Task item » The copy must run from the first line of the entries below through the line containing "ein wohnliches Heim.", restated word for word, with pictures left out.

[Records contained in a dataset]
※ ※ ※
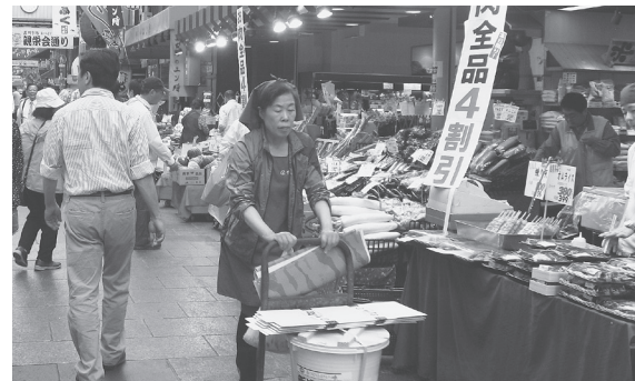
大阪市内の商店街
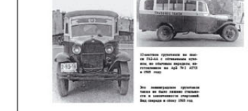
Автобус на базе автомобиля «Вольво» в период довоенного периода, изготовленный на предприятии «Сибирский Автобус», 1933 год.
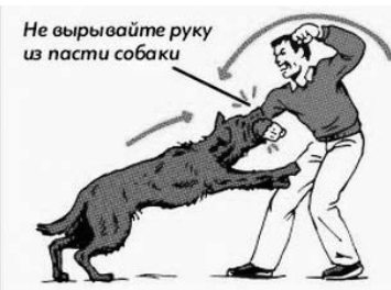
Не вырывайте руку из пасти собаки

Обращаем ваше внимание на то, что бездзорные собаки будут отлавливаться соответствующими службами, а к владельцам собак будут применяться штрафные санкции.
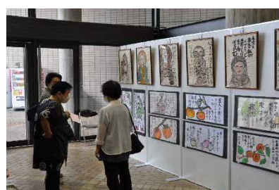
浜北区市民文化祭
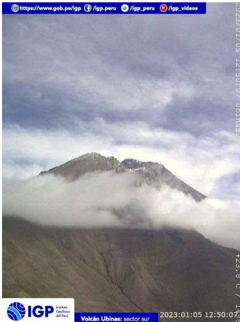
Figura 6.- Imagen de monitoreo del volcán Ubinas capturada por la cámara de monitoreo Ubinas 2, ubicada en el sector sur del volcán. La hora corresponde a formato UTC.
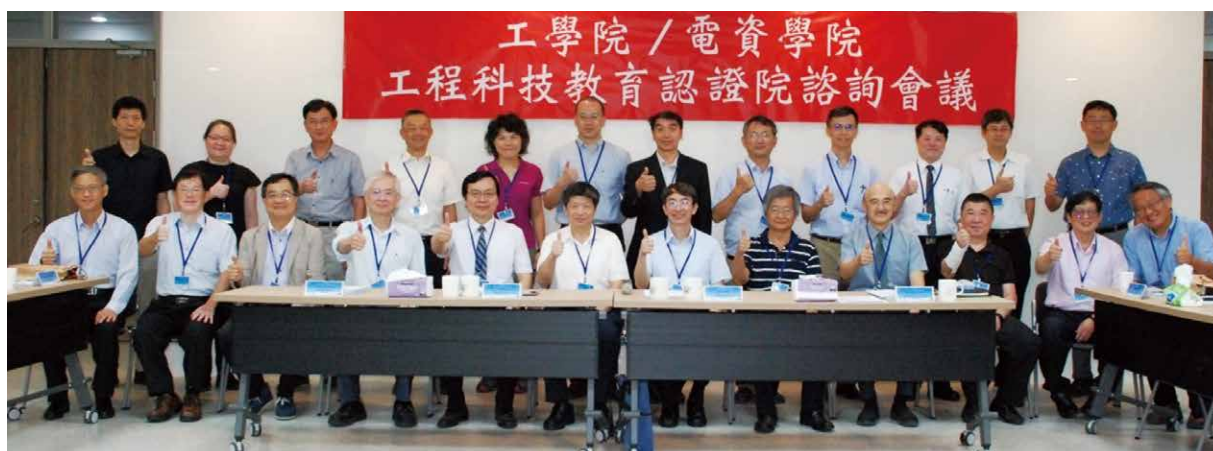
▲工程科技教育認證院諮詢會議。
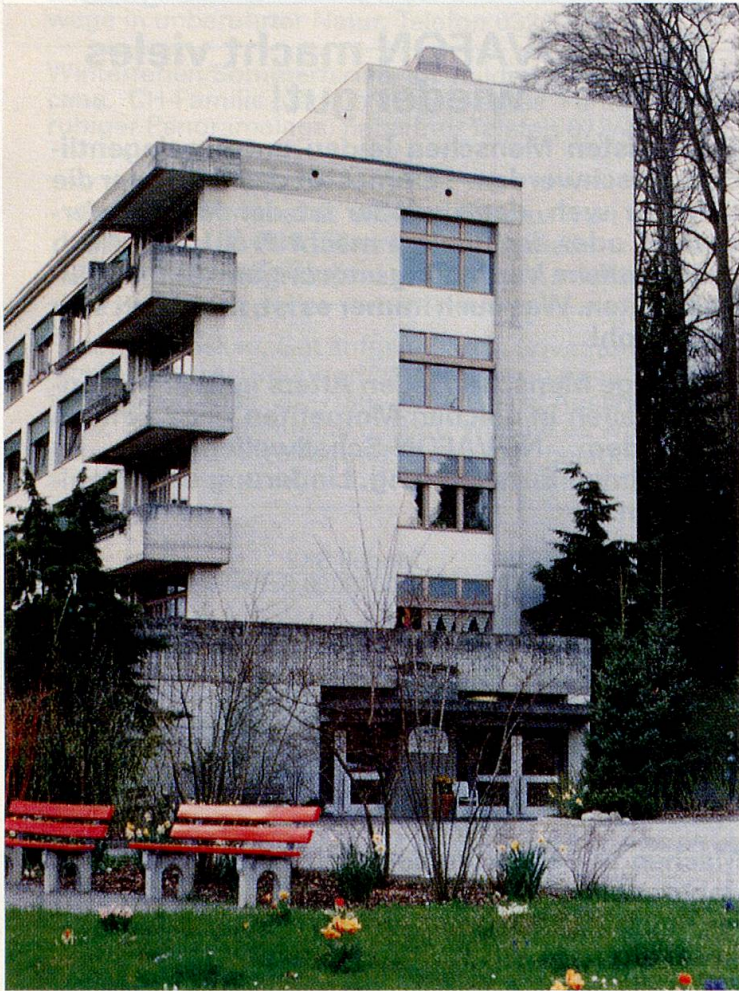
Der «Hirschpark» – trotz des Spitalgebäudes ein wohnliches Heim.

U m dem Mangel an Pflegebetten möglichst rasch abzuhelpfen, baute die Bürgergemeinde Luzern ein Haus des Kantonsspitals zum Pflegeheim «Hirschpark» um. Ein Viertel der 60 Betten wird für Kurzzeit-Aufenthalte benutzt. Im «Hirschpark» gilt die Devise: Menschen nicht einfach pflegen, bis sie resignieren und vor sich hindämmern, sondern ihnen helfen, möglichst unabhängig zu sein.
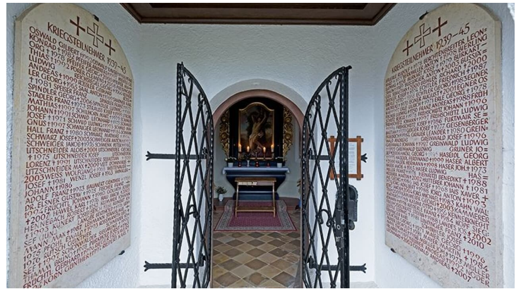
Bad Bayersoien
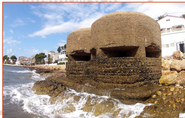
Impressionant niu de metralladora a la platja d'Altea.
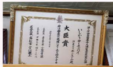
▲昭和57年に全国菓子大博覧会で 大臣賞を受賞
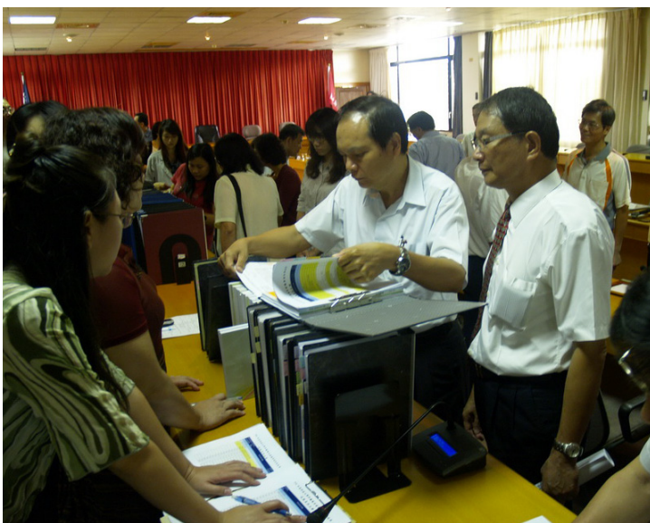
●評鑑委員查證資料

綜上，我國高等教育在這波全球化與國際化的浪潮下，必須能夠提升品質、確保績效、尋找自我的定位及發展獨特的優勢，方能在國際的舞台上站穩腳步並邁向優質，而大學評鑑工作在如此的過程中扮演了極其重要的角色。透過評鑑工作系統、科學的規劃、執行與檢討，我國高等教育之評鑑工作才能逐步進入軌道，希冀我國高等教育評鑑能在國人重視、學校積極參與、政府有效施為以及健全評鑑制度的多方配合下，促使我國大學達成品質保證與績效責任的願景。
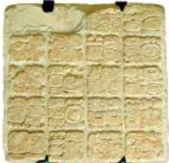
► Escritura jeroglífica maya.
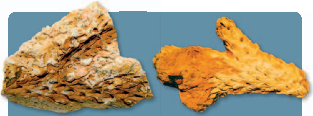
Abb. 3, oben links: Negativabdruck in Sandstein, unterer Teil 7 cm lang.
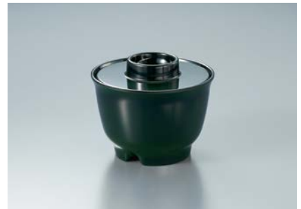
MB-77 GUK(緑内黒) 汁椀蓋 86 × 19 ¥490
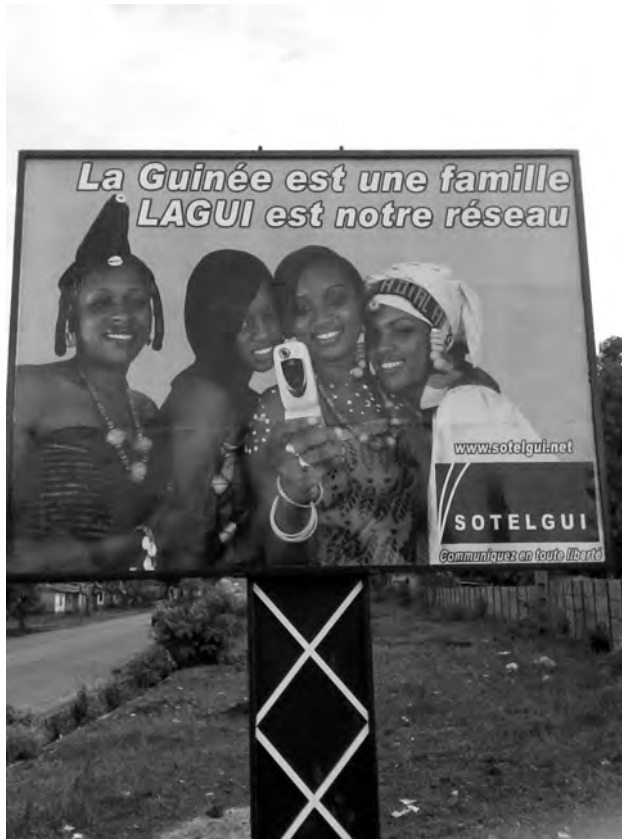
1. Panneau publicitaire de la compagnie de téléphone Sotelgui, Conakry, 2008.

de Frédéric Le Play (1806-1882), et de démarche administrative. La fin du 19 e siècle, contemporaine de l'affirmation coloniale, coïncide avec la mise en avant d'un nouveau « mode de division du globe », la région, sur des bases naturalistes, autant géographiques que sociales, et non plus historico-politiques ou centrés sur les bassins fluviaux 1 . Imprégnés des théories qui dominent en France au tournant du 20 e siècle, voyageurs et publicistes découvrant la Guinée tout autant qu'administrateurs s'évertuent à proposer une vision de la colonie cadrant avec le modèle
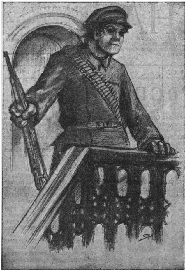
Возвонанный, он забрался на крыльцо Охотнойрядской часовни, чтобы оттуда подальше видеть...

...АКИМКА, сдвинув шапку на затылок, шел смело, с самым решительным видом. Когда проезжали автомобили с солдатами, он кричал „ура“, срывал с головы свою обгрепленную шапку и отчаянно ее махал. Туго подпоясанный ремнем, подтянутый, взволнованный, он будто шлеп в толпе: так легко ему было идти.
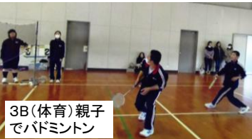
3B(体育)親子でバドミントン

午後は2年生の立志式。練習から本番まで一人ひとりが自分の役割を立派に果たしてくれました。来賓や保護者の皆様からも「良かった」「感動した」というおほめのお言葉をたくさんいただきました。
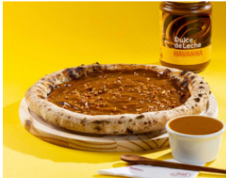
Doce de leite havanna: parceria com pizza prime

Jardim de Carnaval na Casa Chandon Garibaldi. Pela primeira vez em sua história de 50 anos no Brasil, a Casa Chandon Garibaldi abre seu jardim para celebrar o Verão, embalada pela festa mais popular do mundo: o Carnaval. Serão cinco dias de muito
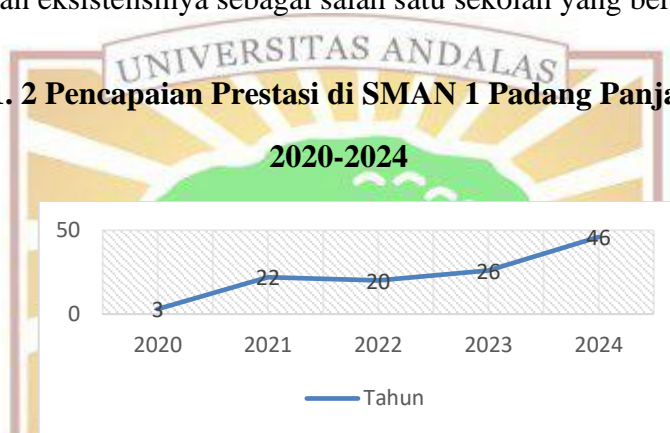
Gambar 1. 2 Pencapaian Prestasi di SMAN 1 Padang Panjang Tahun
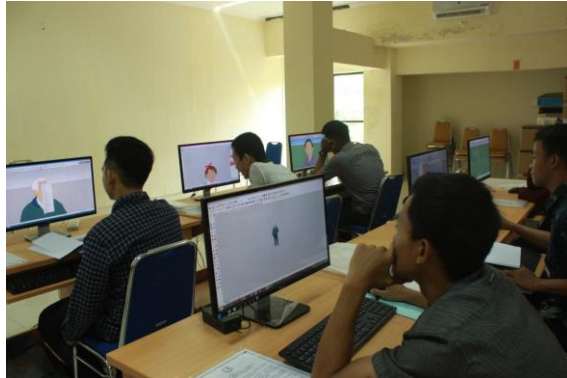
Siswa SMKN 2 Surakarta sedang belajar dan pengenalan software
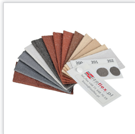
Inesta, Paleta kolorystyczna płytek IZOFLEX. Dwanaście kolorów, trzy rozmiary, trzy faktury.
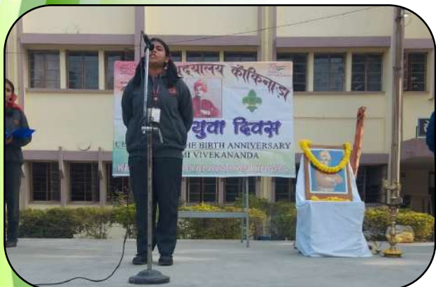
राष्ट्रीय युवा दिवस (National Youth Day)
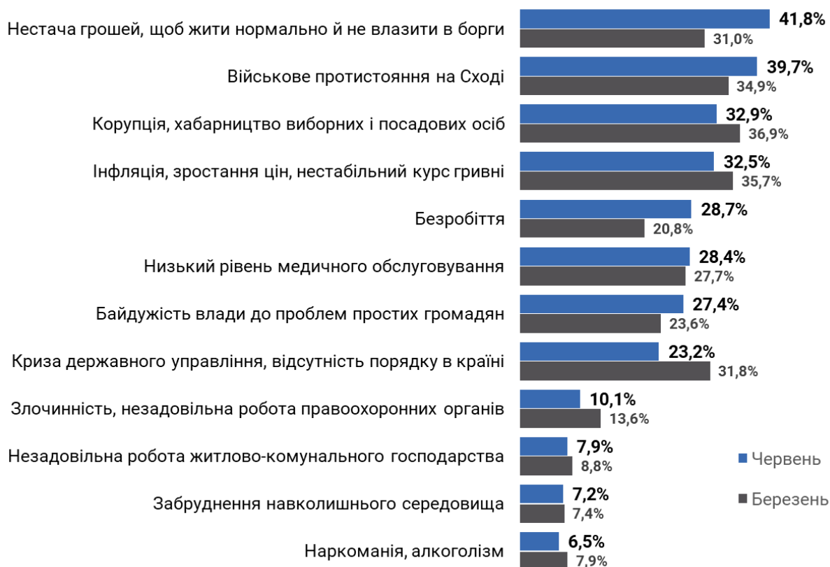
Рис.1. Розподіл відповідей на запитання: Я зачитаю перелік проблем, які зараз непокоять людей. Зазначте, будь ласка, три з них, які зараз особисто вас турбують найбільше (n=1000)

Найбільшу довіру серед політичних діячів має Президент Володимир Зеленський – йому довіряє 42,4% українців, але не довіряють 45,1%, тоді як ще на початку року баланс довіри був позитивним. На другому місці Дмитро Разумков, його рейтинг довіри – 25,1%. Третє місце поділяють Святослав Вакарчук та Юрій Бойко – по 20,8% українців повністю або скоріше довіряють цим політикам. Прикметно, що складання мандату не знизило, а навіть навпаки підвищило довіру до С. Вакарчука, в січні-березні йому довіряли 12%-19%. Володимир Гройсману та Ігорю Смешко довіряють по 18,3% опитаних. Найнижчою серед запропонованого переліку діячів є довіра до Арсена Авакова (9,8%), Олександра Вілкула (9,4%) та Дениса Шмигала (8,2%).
※ ※ ※
Output of the exercise »
大阪市内の商店街
Автобус на базе автомобиля «Вольво» в период довоенного периода, изготовленный на предприятии «Сибирский Автобус», 1933 год.
Не вырывайте руку из пасти собаки

Обращаем ваше внимание на то, что бездзорные собаки будут отлавливаться соответствующими службами, а к владельцам собак будут применяться штрафные санкции.
浜北区市民文化祭
Figura 6.- Imagen de monitoreo del volcán Ubinas capturada por la cámara de monitoreo Ubinas 2, ubicada en el sector sur del volcán. La hora corresponde a formato UTC.
▲工程科技教育認證院諮詢會議。
Der «Hirschpark» – trotz des Spitalgebäudes ein wohnliches Heim.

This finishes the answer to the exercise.